# How Are Fundamentalists Fundamentally Right?



## blhowes (Feb 27, 2007)

There have been various threads where some of the negatives of fundamentalism have been discussed. What sometimes irks me is the idea that a person's spiritually can be gauged by externals, such as watching movies, watching TV, dancing, drinking, smoking, hair length, and the like. If you don't do these things, you're a 'good Christian', and if you do them you're not. 

One thing I like about much of fundamentalism is their zeal for evangelism. Although I don't think doing any of these things in and of themselves are bad, if I wanted to be better at evangelism, it would make sense to take a look at some of these things and evaluate how much time is spent doing them. Watching TV, going to the movies, etc. may not be bad, but if I have x number of hours of free time after work or whatever, and I spend most or all of that time watching TV, then going to the movies, then going out dancing, then that would be counterproductive if I want to learn to become better at evangelism.
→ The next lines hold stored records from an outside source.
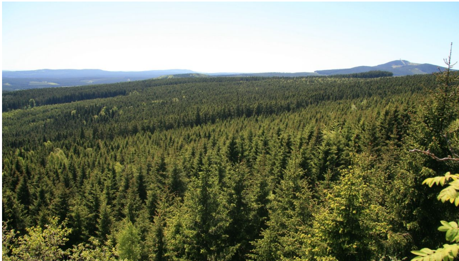
Ausblick vom Trudenstein
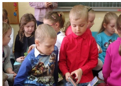
Spotkanie z przedszkolakami podczas „Tygodnia bibliotek”

Od 8 do 15 maja w naszej Gminie odbywał się „Tydzień Bibliotek” rozpoczęły kolejnym spotkaniem "O książce przy herbacie" Dyskusyjnego Klubu Książki. Miło nam poinformować, że grono uczestników Klubu staje się coraz większe i z tego miejsca chcemy zaprosić wszystkie chętne osoby do uczestnictwa w kolejnych spotkaniach.
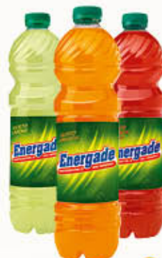
ENERGADE 1,5 Litri
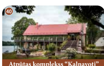
Atpūtas komplekss "Kalnavoti"

+371 29357420 "Kalnavoti", Kokneses pagasts, Aizkraukles novads 📍 56.621448, 25.462894
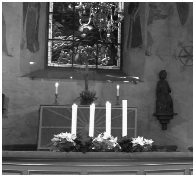
Tre ljus tända – det är tredje advent.
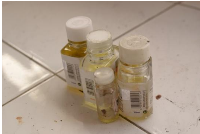
Gambar 9: Pelarut (minyak)

Oil painting digunakan sebagai pelarut atau pencampur warna cat minyak. Pelarut cat yang digunakan yaitu menggunakan minyak cat ( linseed oil ) Marries .
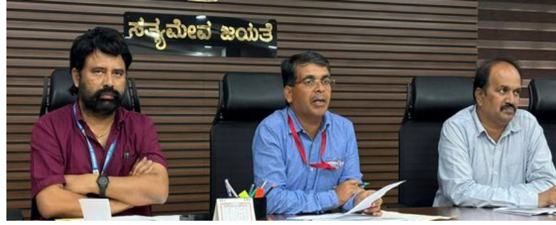
ಕಾಲೇಜುಗಳಲ್ಲಿ ಈ ಕೂಡಲೇ ನಾಮಪುಲಕ ಅಳವಡಿಸಲು ಕ್ರಮ ಕೈಗೊಳ್ಳಬೇಕು ಎಂದು ಅಪರ ಜಿಲ್ಲಾಧಿಕಾರಿಗಳು, ಡಿಡಿಪಿಯು ಅಪರಿಗ ಸೂಚಿಸಿದರು.

ತಂಬಾಕು ಉತ್ಪನ್ನಗಳ ಹಾಕಬೇಕು. ಈ ನಿಟ್ಟಿನಲ್ಲಿ ಸಂಬಂಧಿಸಿದ ಅಧಿಕಾರಿಗಳು ಕ್ರಮ ವಹಿಸಬೇಕು. ನಾಮಪುಲಕ ಹಾಕಿದ ಅಂಗಡಗಳಿಗೆ ನೋಟೀಸ್ ಜಾರಿ ಮಾಡಬೇಕು ಎಂದು ಅವರು ಹೇಳಿದರು.

So, in a way, if I refuse to examine my life with regard to these things, and just say that I have Christian liberty to do them, perhaps that might be an indication that I'm not a 'good Christian' (though perhaps "wise Christian" might be a better term).

In thinking through my irkyness at what I see as negatives, I'm wondering how such thinking could be beneficial and helpful for the Christian walk. Any thoughts?


----------



## Chris (Feb 27, 2007)

Good points. 

One of the things that irks me about reformed thinkers is their willingness to make a truce with certain worldly things. It's not that owning a TV is inherently sinful. It's not that drinking is inherently sinful. It's not that owning a fast car is inherently sinful. It's not that being a wise investor is inherently sinful. 
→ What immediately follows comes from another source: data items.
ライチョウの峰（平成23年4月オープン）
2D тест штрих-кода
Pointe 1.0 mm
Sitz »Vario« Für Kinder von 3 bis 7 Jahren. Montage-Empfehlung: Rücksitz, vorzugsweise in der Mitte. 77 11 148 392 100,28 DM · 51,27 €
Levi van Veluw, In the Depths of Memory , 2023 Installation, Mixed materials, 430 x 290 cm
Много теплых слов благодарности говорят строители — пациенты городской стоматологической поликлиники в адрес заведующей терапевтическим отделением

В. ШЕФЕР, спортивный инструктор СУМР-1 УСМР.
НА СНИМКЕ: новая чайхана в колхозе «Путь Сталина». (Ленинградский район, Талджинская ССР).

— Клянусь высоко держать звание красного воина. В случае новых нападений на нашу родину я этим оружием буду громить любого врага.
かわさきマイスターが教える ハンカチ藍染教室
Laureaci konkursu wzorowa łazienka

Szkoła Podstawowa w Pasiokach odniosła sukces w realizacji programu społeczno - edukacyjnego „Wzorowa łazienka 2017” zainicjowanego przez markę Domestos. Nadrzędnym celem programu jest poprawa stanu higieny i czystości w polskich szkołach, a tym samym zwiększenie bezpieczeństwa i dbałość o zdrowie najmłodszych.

But when you take these things collectively, you end up with a materially wealthy family who has a retirement plan that allows them freedom to not depend on God, a television they watch religiously, toys to compete for their quiet time, prosperity that makes them forget God......
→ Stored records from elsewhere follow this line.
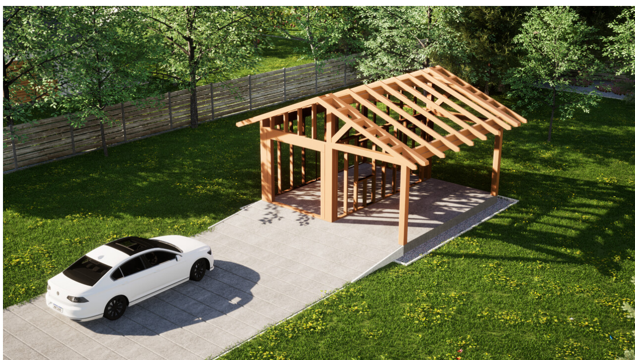
Widok konstrukcji: Garaż ERDOL G1W - Wersja prawa - Układ kalenicy prostopadły z dachem dwuspadowym o kącie nachylenia 25 stopni
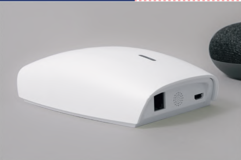
Dwukierunkowa centrala YOODA Smart Home 2 (YSH2_UNIT)
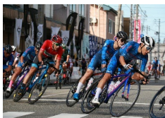
サイクルイベントの 様子
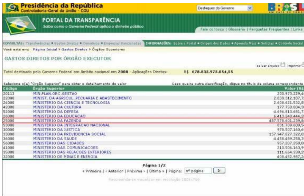
FIGURA XVII – 2 DESPESA POR ÓRGÃO – Órgãos Superiores
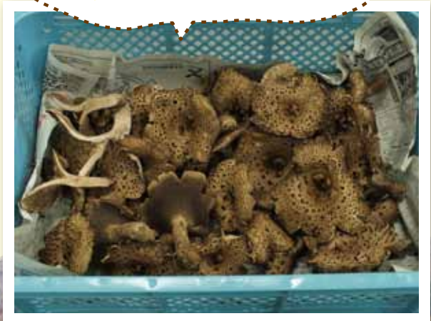
毎年、各地で見つかるコウタケ一度にたくさん採れるので感謝します。
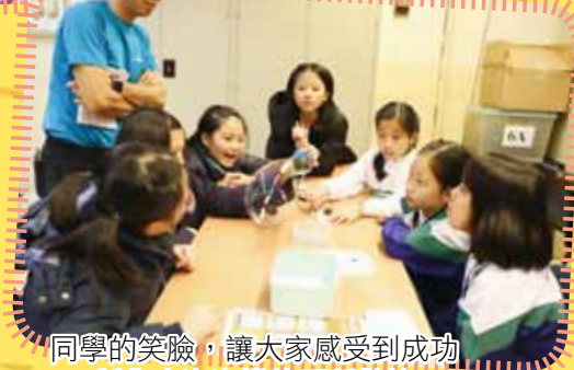
同學的笑臉，讓大家感受到成功 製作吹泡泡機的那種歡愉
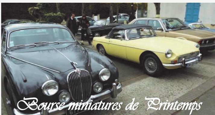
Bourse miniatures de Printemps
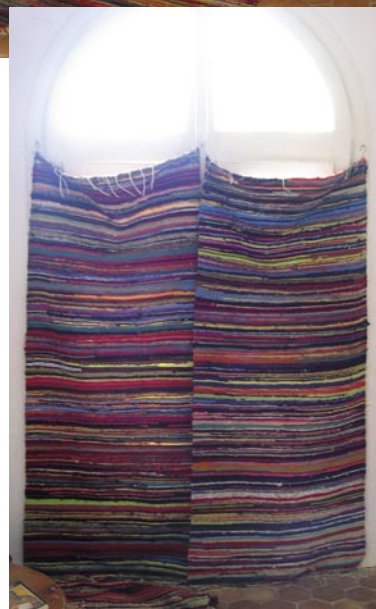
Draperi för fönstren – mot solen på dagen och kylan på natten

Vi bodde på ett koptiskt center, Anafora. En oas, inte bara i öknen, utan också i det tuffa samhället runt-
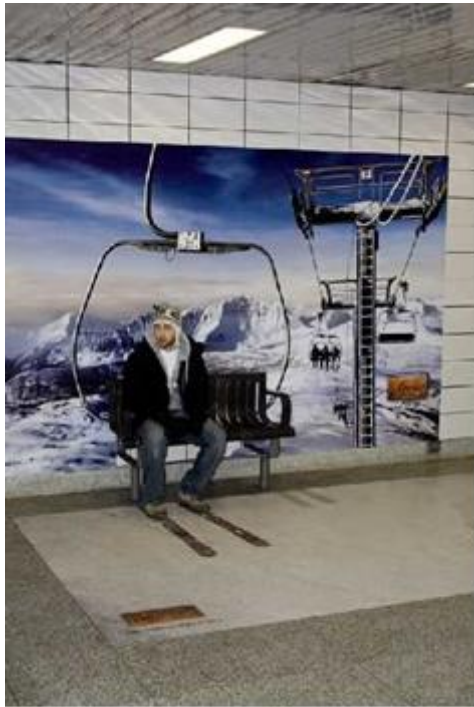
Slika 11: Gerila marketing u turizmu

Now compare this to an untrained missionary in India who has nothing but shoes on his feet and scars on his back, doesn't have the foggiest clue what the word 'supralapsarian' means, but has planted 40 churches in the face of persecution. 

Somewhere, somehow, we have lost our way. Based on this, it is good to examine the lives of others. Even if you disagree with their theology.


----------



## BobVigneault (Feb 27, 2007)

The fundamentalists are right in the same area that the FV movement is right. They both point out a significant weakness in the church. They rightly observe that the members of the church do not act like they are members of the church. They ask, shouldn't there be moral evidence of the faith that supposedly inhabits church folk? 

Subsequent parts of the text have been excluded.